А если он еще и ляпнул после этого, в надежде успокоить, кто он такой… Наверняка испугалась еще сильнее, да и запретила дочке встречаться с ним. А потом снова перетрусила – когда те же «аномальные» способности обнаружились вдруг и у тебя… Ты пойми – в ее глазах любое отклонение от нормы, то есть от того, что она считала нормой, могло быть только проявлением болезни, уродством, поскольку принять его магическую основу означало для нее тронуться умом. Чего она, собственно, и боялась больше всего. За себя боялась, не за тебя. Про то, что ей обыкновенной чуткости, любви к внуку, да и попросту того самого ума не хватало, – и говорить незачем. Это очевидно.

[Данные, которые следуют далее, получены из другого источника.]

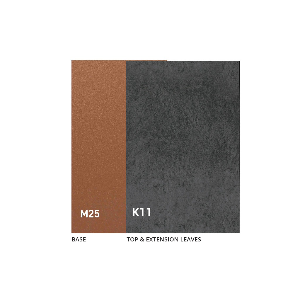 Tisch mit geprägtem, kupferfarben lackiertem Metallgestell und 3 mm starker Keramikplatte.
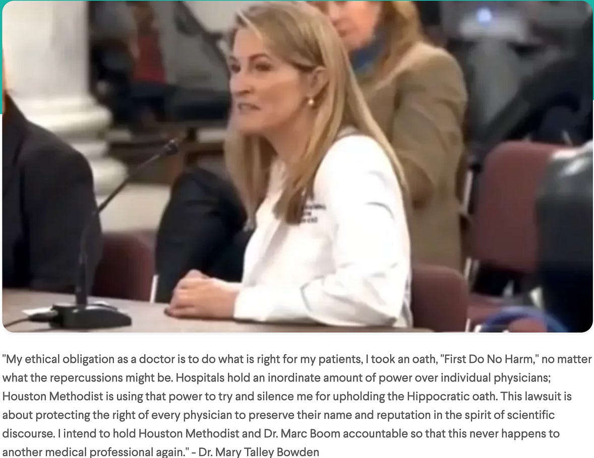 On November 12 2021, one of the largest non-profit hospitals in Houston with over $13 billion in assets suspended my privileges for spreading ‘dangerous misinformation.’ Days prior, I had released a series of 25 tweets all stating the same thing – “Vaccine mandates are wrong” – with a screenshot of different patient testimonials. Houston Methodist retaliated by declaring on Twitter I was spreading “dangerous misinformation” that was “harmful to the community.” I learned of my suspension through a text message from a reporter at the Houston Chronicle and spent the following months fielding interview requests from a swarm of media.

Так что, милый мой, плюнь! Забудь. Не было никакого чудовища. И в волшебной крови, кто бы тебя ею ни одарил, нету ровным счетом ничего страшного. Наоборот, она дает тебе чудесные, уникальные способности, которых ты пока что не знаешь. Но которые могут и саму твою жизнь превратить в чудо. Да к тому же, – Матвей метнул лукавый взгляд в сторону Насти, – по наследству перейдут еще и к детям твоим. Ох, какие будут детки – не хуже, чем у твоей матушки…
Стаса вдруг передернуло.
– Но моя мама умерла!
– Родами? – быстро спросил Матвей.
– Нет, мне было уже полгода.
– Ну, и при чем тут ты? Родила-то она тебя благополучно?
– Да, насколько мне известно. Но потом все-таки умерла. От чего?
– Ну знаешь, я тебе не Господь Бог, чтобы вот прямо сейчас на этот вопрос ответить! В историю болезни заглянуть не мешало бы… Могла и от тоски, если была чувствительная натура. По тому, кого любила и потеряла.
Матвей окинул его с ног до головы цепким оценивающим взглядом.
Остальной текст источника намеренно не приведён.